*** Opening Supplied records ***
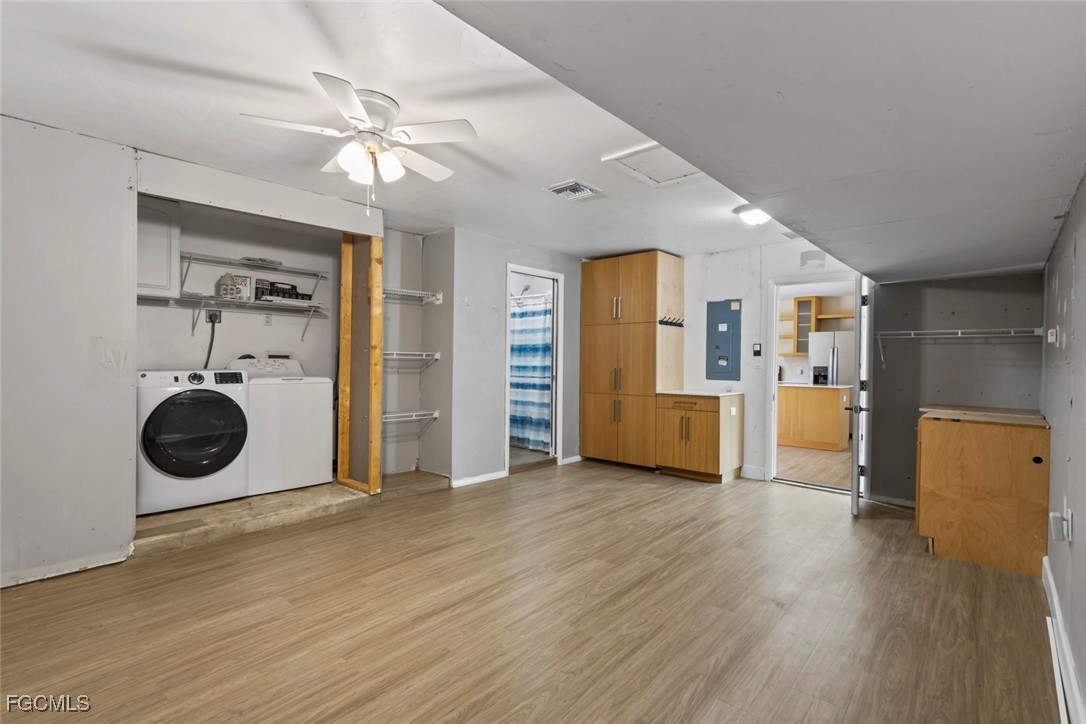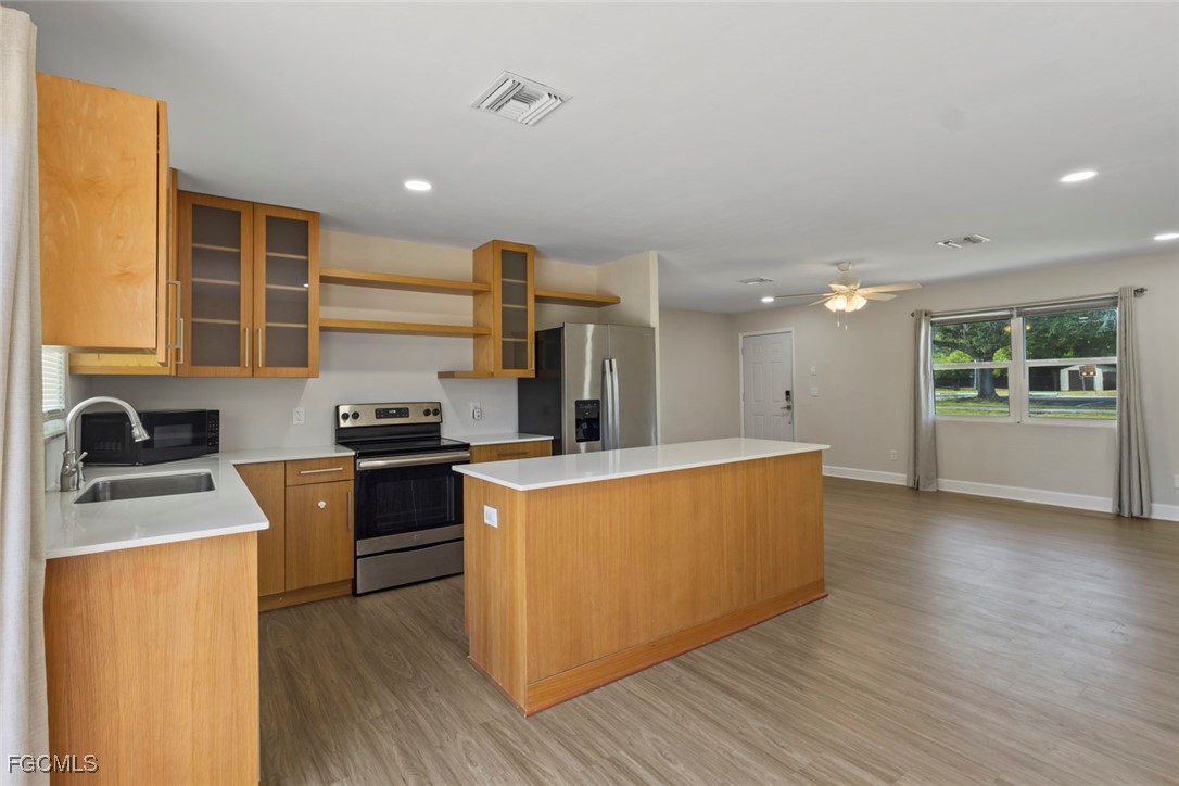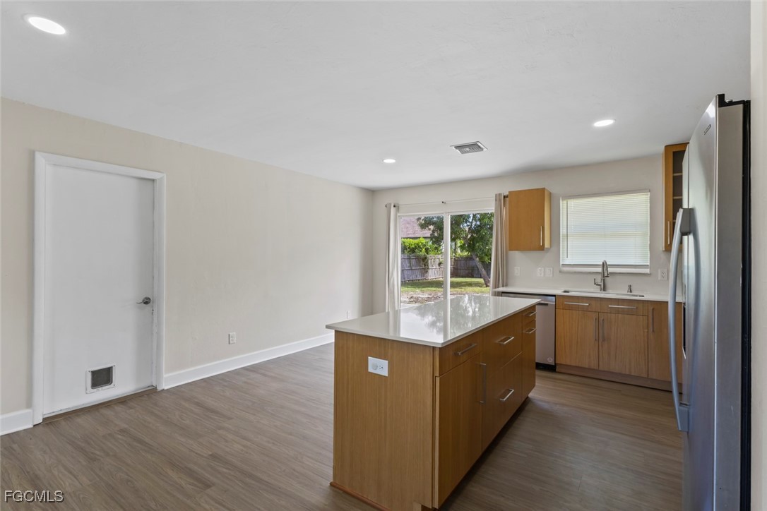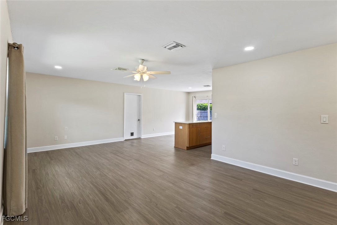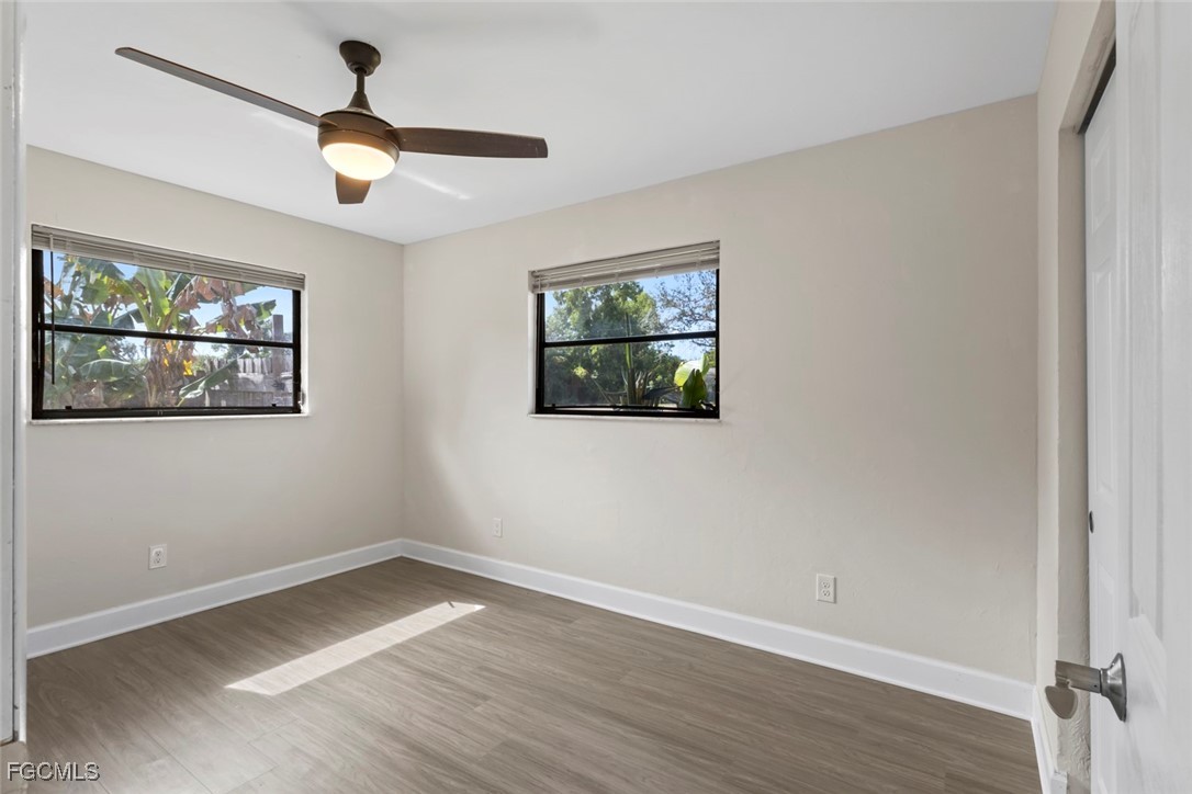Fully updated home on a spacious fenced lot with room for a pool in a desirable non-HOA community. Inside, fresh paint, new baseboards, and sleek vinyl flooring create a clean, modern look. The remodeled kitchen features quartz countertops, contemporary cabinetry, and stainless-steel appliances. The home offers two bedrooms, two full baths, plus a flex room—perfect for guests, a home office, gym, studio, or an additional bedroom. A dedicated laundry area provides extra functionality. Outside, the large fenced yard includes a storage shed and offers space for outdoor living. New roof (2023), no HOA, and no rental restrictions give you rare flexibility. Ideal as a primary residence, investment property, or seasonal retreat. Prime location near shopping, dining, RSW Airport, and I-75.
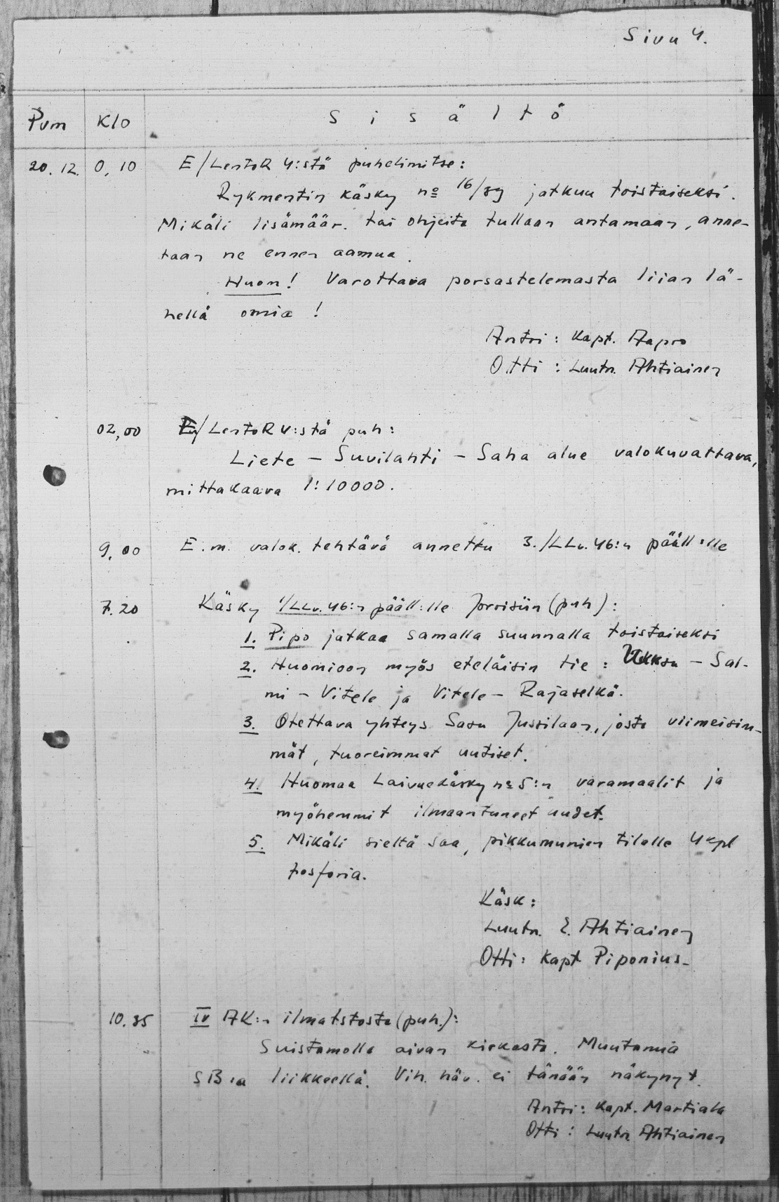 käskynantajan päiväkirjaan (joita on saattanut olla ketjussa useita), sekä
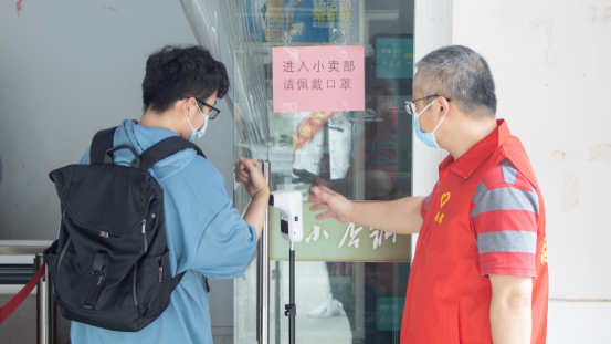 除人群最为集中的食堂外,校园内的其他地方也随处可见防控志愿者们的身影。学校大门口站岗的志愿者们配合安保人员,对入校人员进行身份核验、二码(健康码和行程码)核查和体温检测,严格做到逢人必检、逢车必查;学生服务中心值班的志愿者们严格对进入人员进行登记,并要求佩戴好口罩方可入内;校园小卖部的志愿者劝导同学们佩戴口罩入内购物,等候结算期间排队间隔1米;校园巡逻志愿者们在午间与下午下课后跟随老师巡查各地,提醒同学们带好口罩,少点外卖,拿取快递要消杀。
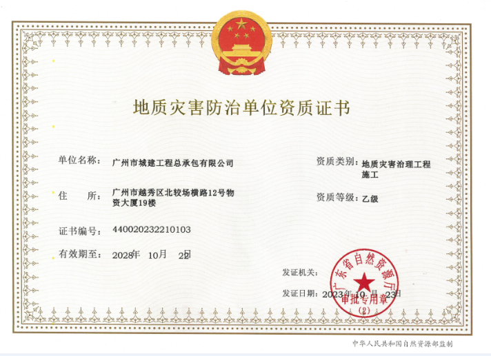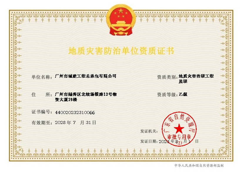 2023年8至10月,公司成功獲批地質災害治理工程施工乙級、監理乙級、地質災害評估和治理工程勘查設計乙級資質。
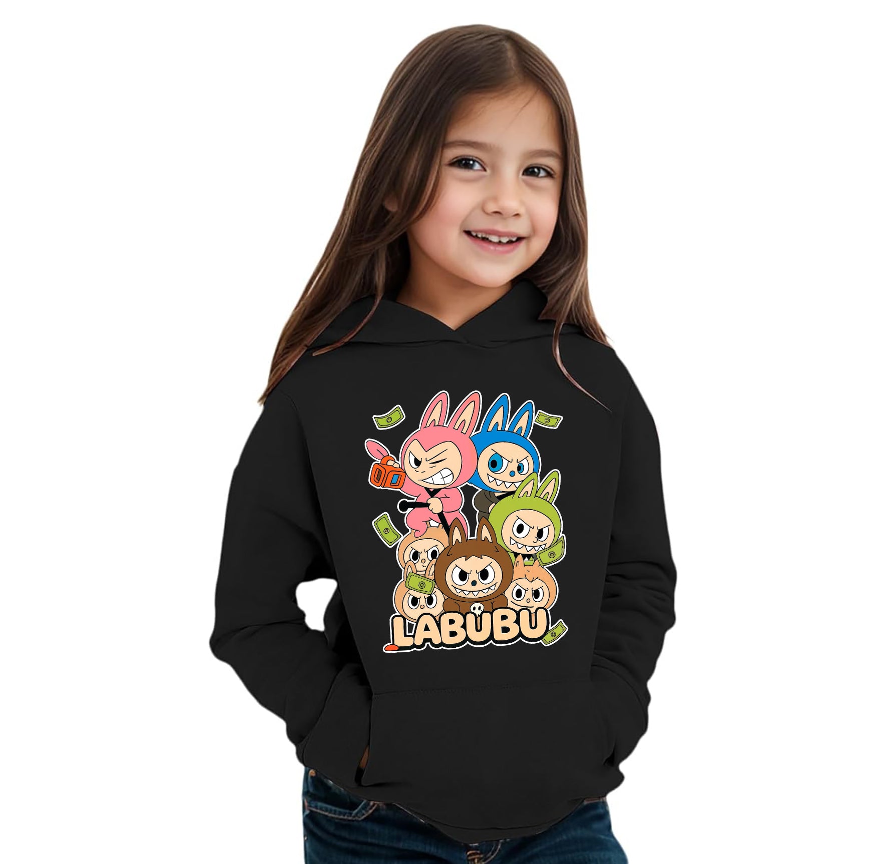 Felpa invernale in misto cotone poliestere, colore bianco o nero con stampa frontale ispirata ai famosissimi peluche Labubu. Modello Unisex per bambino, bambina e adulti. Felpa con Cappuccio o modello Girocollo. Consulta la tabella taglie e scegli quella che fa per te.
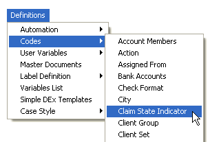 select Codes and Claim State Indicator to bring up the Claim State Indicator Definition Screen.
*** Closing Supplied records ***
Please print the material exactly as given above, omitting the pictures.

> [Task response]:
Fully updated home on a spacious fenced lot with room for a pool in a desirable non-HOA community. Inside, fresh paint, new baseboards, and sleek vinyl flooring create a clean, modern look. The remodeled kitchen features quartz countertops, contemporary cabinetry, and stainless-steel appliances. The home offers two bedrooms, two full baths, plus a flex room—perfect for guests, a home office, gym, studio, or an additional bedroom. A dedicated laundry area provides extra functionality. Outside, the large fenced yard includes a storage shed and offers space for outdoor living. New roof (2023), no HOA, and no rental restrictions give you rare flexibility. Ideal as a primary residence, investment property, or seasonal retreat. Prime location near shopping, dining, RSW Airport, and I-75.
 käskynantajan päiväkirjaan (joita on saattanut olla ketjussa useita), sekä
 除人群最为集中的食堂外,校园内的其他地方也随处可见防控志愿者们的身影。学校大门口站岗的志愿者们配合安保人员,对入校人员进行身份核验、二码(健康码和行程码)核查和体温检测,严格做到逢人必检、逢车必查;学生服务中心值班的志愿者们严格对进入人员进行登记,并要求佩戴好口罩方可入内;校园小卖部的志愿者劝导同学们佩戴口罩入内购物,等候结算期间排队间隔1米;校园巡逻志愿者们在午间与下午下课后跟随老师巡查各地,提醒同学们带好口罩,少点外卖,拿取快递要消杀。
 2023年8至10月,公司成功獲批地質災害治理工程施工乙級、監理乙級、地質災害評估和治理工程勘查設計乙級資質。
 Felpa invernale in misto cotone poliestere, colore bianco o nero con stampa frontale ispirata ai famosissimi peluche Labubu. Modello Unisex per bambino, bambina e adulti. Felpa con Cappuccio o modello Girocollo. Consulta la tabella taglie e scegli quella che fa per te.
 select Codes and Claim State Indicator to bring up the Claim State Indicator Definition Screen.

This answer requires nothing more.